▶ Source material

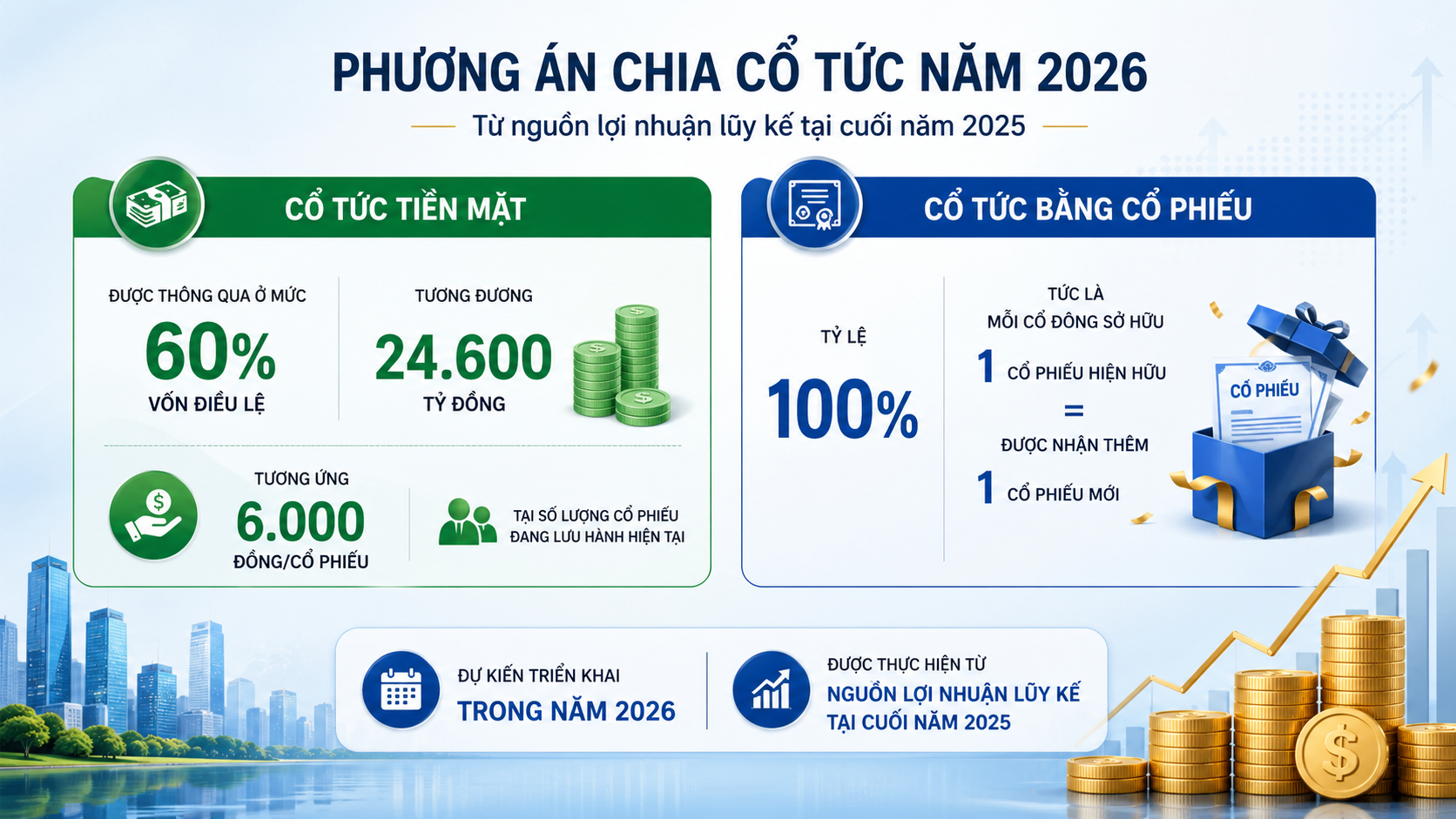 Cổ tức tiền mặt được thông qua ở mức 60% vốn điều lệ, tương đương 24.600 tỷ đồng, tương ứng 6.000 đồng/cổ phiếu tại số lượng cổ phiếu đang lưu hành hiện tại. Cổ tức bằng cổ phiếu với tỷ lệ 100%, tức là mỗi cổ đông sở hữu 1 cổ phiếu hiện hữu sẽ được nhận thêm 1 cổ phiếu mới. Dự kiến triển khai trong năm 2026, được thực hiện từ nguồn lợi nhuận lũy kế tại cuối năm 2025.
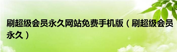 刷超级会员永久网站免费手机版(刷超级会员永久)
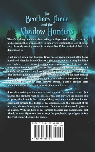 There’s nothing ridiculous about asking an 11-year old, a child at the cusp of discovering their own identity, to hide every emotion they feel, all while very obviously keeping secrets from them. Not if the survival of their race depends on it. It all started when one brother, Brax, has an angry outburst after being humiliated when his friend Chelsea, a girl, dares to jump a ramp he didn’t and nails it. His veins ignite, sending an explosion of electromagnetic energy from his body. When the brothers rush home to tell their father and uncle what happened, they learn they are supernaturals of the Psyner race. The brothers quickly go from school in Michigan, where the most exciting thing is taco lunch Tuesday, to going to a new school where yetis are their groundskeepers, fairies their security system, Santa’s brother their mailman and a not so secret mermaid their new friend. Soon after arriving at their new school a sinister schoolmate named Jett teaches the brothers what no one else will, that they are the subject of a prophecy that foretells the coming of the great enemy, the shadow hunter. Brax must navigate the disdain of his classmates and the contempt of his teachers, without showing any emotion. One more outburst could prove to be deadly. With the help of his careless brothers and judgemental best friend, he must figure out how to stop the prophesied apocalypse before the great enemy discovers his secret.
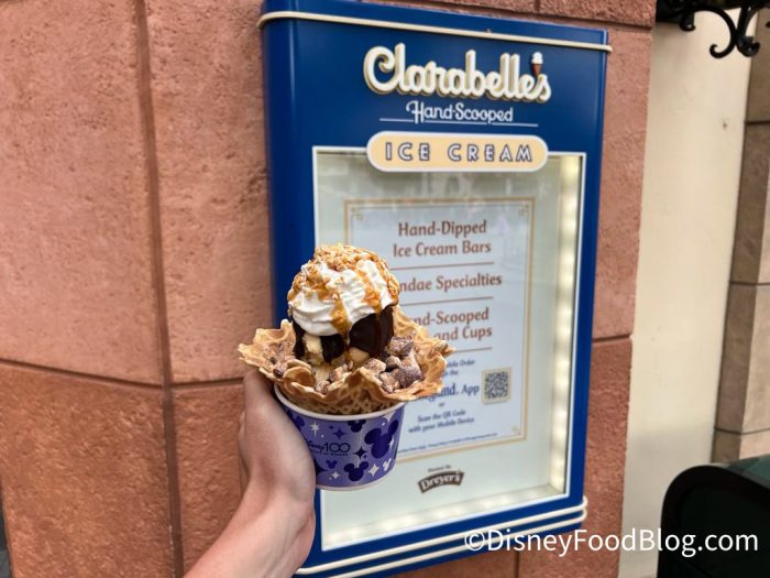 This time, we’re celebrating the 100th Anniversary of the Walt Disney Company with new nighttime shows, all kinds of collectibles, and PLENTY of food! We shared FULL look at all of the 100th Anniversary treats in Disneyland here, but right now it’s time to head to Clarabelle’s Hand-Scooped Ice Cream for a sweet treat!
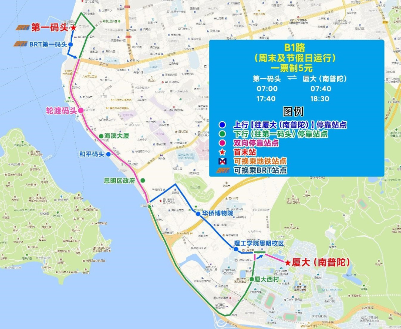 B1路:鷺江漫游線 以“騎樓琴音·鷺江風(fēng)情”為主題,B1路串聯(lián)鼓浪嶼、中山路、廈門大學(xué)、南普陀等景點(diǎn),帶游客漫游老城區(qū),感受廈門的歷史韻味。
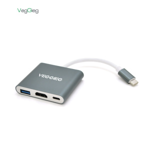 Хаб-конвертор VEGGIEG TC03 Type-C (тато) на Type-C (мама) + USB3.0 (мама) + HDMI (мама), 10 см, Silver, Box
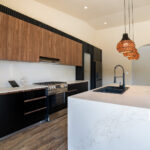 Two-tone cabinets—natural uppers, black lowers—are paired with sleek white quartz countertops. An oversized, waterfall-style island exudes modern elegance.
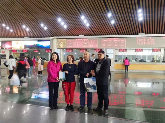 為此,票務(wù)中心根據(jù)集團公司領(lǐng)導(dǎo)安排,組織了向第3000001位幸運游客代表劉姓游客贈送華山旅游紀念品的活動,活動現(xiàn)場票務(wù)中心主任李泉向該名游客贈送了代表華山四季美景的集郵冊一套和《華山楹聯(lián)》書籍一本,劉姓游客非常高興,表示華山景美,人更美,下次還會帶親朋好友游覽。
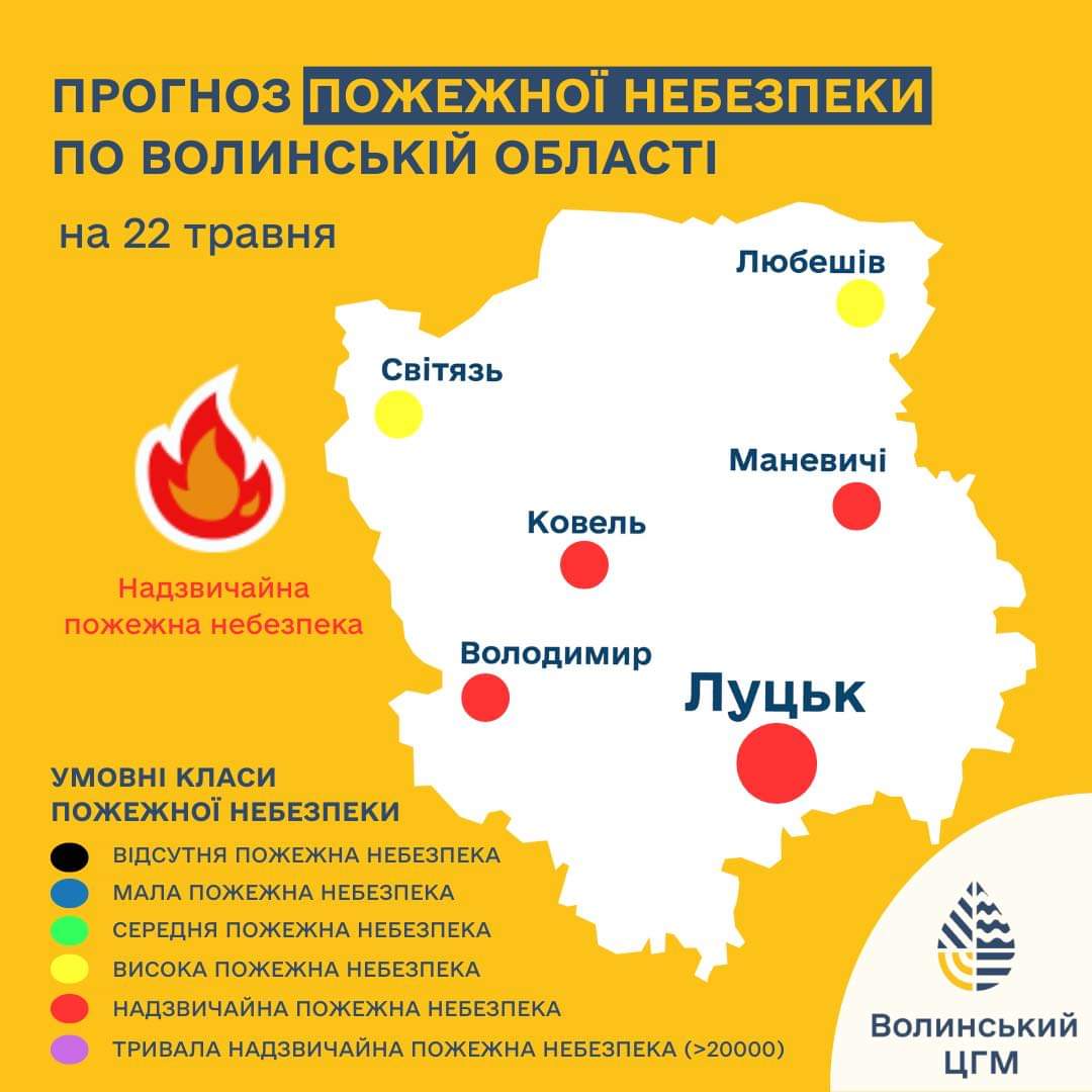 22 травня на території області збережеться надзвичайний рівень пожежної небезпеки.

▶ What to work on
From the line containing "為此,票務(wù)中心根據(jù)集團公" to the end of the listing, restate each line word for word and nothing more; the pictures stay out.

▶ The completed task
 為此,票務(wù)中心根據(jù)集團公司領(lǐng)導(dǎo)安排,組織了向第3000001位幸運游客代表劉姓游客贈送華山旅游紀念品的活動,活動現(xiàn)場票務(wù)中心主任李泉向該名游客贈送了代表華山四季美景的集郵冊一套和《華山楹聯(lián)》書籍一本,劉姓游客非常高興,表示華山景美,人更美,下次還會帶親朋好友游覽。
 22 травня на території області збережеться надзвичайний рівень пожежної небезпеки.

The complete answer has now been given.